Option 2: strict borrow lifetimes

With this option, borrow becomes a "keep alive" keyword for any variable.

This option will significantly harm optimization as we migrate toward borrowing as standard practice. This is especially unwelcome because programmers are using borrowing precisely to optimize copies.

There will be quality of implementation issues. For example, we'll need to prevent the optimizer from deleting dead values and substituting equivalent values with different lifetime constraints. I suspect the compiler will never completely get this right.

Option 3: optimized copyable and strict noncopyable borrow lifetimes

With this option, copyable borrows can be optimized just like let variables today. Migrating to borrowing won't prevent ARC optimization.
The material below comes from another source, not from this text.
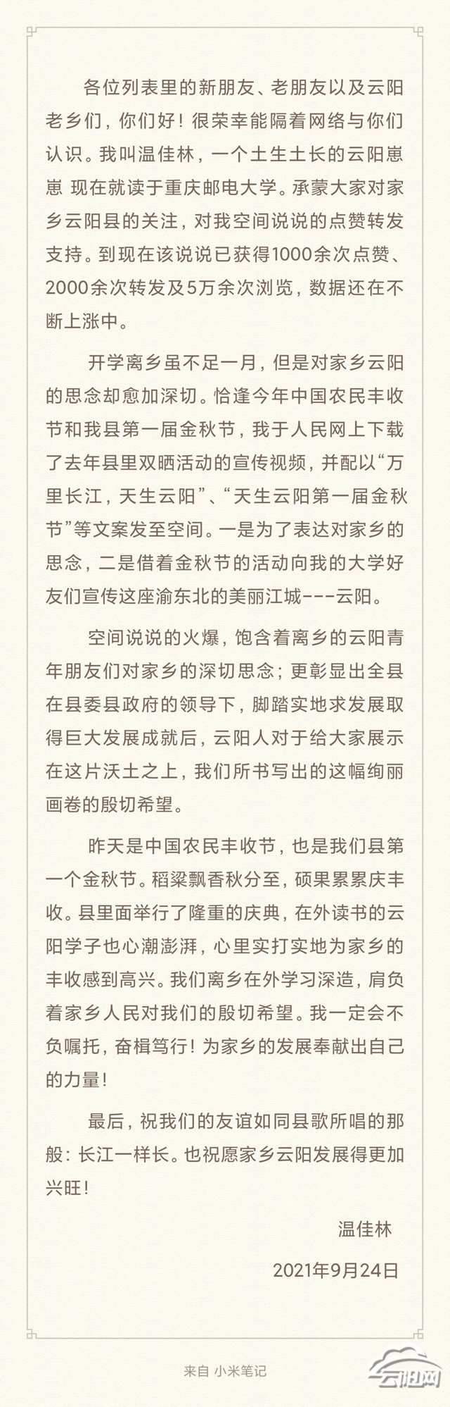 “縣里面舉行了隆重的慶典,在外讀書的云陽學子也心潮澎湃,心里實打實地為家鄉的豐收感到高興……”9月24日,溫佳林專門寫了一篇文章,既感謝大家的認可,又抒發了自己對家鄉的熱愛以及為家鄉取得的巨大成就和變化而無比驕傲自豪。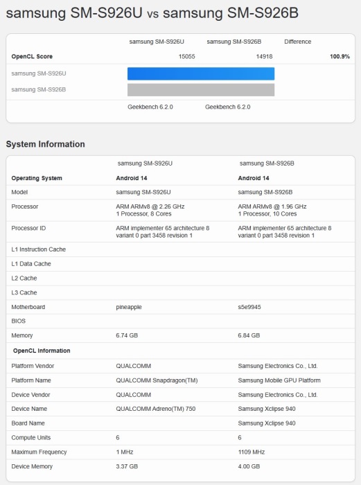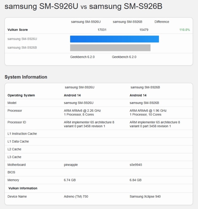 Qeyd etmək lazımdır ki, Exynos 2400-da AMD şirkəti ilə birgə hazırlanmış Xclipse 940 qrafik çipi, Snapdragon 8 Gen 3-də isə Adreno 750 adlı qrafik çipdən istifadə edilir. Beləliklə ilk növbədə aparılmış OpenCL testi çərçivəsində Galaxy S24+ smartfonu 14 918 xal, Galaxy S24 Ultra smartfonu isə 15 055 xal toplayıb. Qrafik çiplərin bu nəticələri arasındakı fərq sadəcə 0.9% təşkil edir. Vulkan testində isə nəticələr bir qədər fərqli olublar. Belə ki, Vulkan testi çərçivəsində Galaxy S24+ modeli 15 479 xal, Galaxy S24 Ultra modeli isə 17 031 xal toplayıb. Beləliklə Vulkan testləri çərçivəsində Galaxy S24 Ultra modeli Galaxy S24+ modelindən 10% daha üstün olub.

With noncopyable borrows, there's no serious performance concern. Objects may be freed later then otherwise, but that matches expectations.

This requires optimizer support, but it mostly falls out naturally from our representation of noncopyable values. The problematic optimizations will largely be disabled for noncopyable values.
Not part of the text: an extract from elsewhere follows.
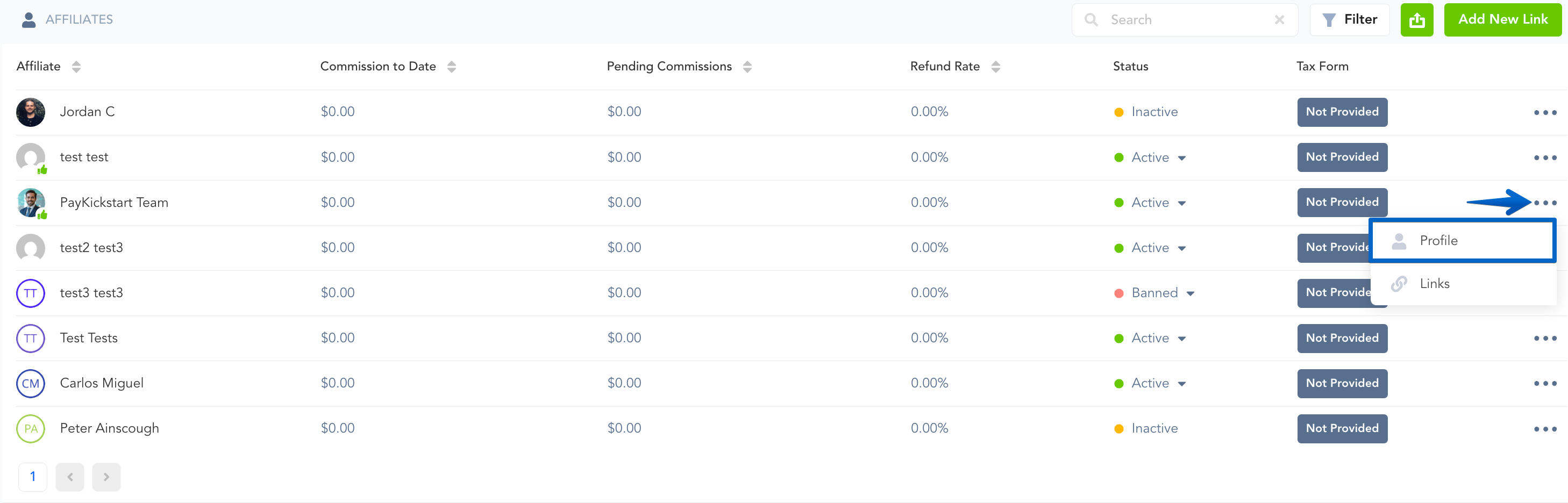 Step 1: Go to Affiliates → Affiliates, then find the affiliate and click the Edit icon.

It might confuse programmers that borrowing is optimized more aggressively for copyable types. But it's natural that struct-deinits have somewhat special lifetime rules. And the optimization impact is only noticeable when unwanted copies are present.

2 Likes

I will revise the example. The intent is as you said, the author of this API is stating that callers to redirect need to have exclusive ownership of file in order to redirect it. (I'm sure POSIX allows you to dup2 over a file descriptor while other parts of the code are reading to or writing from it, and the API doesn't prevent it, but that doesn't mean it's a good idea.)

2 Likes

I’ve seen code like this in production before:

deinit {
    print("in deinit for \(self)")
}

In the case of non-copyable types I guess you couldn’t pass it to a string interpolation (at least not yet) since that’s compiled down to a generic function call. However, the idea still stands: simply logging when deinit happens, especially if used for debugging, should not change when or whether it happens.

5 Likes

One question that came to mind: what about a non-copyable class, one where the reference is guarantied to always be unique, and therefore no reference counting needed? That seems like a logical thing to want too.

My guess is that often this would be better served by an indirect struct type.

On the other hand, subclassing could be supported, and, unlike a struct, mutating would work even when the reference to the object is a let, which is probably desirable in some cases. The semantics of self in a class would need to be altered to make it consumed, borrowed, and non-copyable.

I don't know if this is material for an alternative considered / future direction section.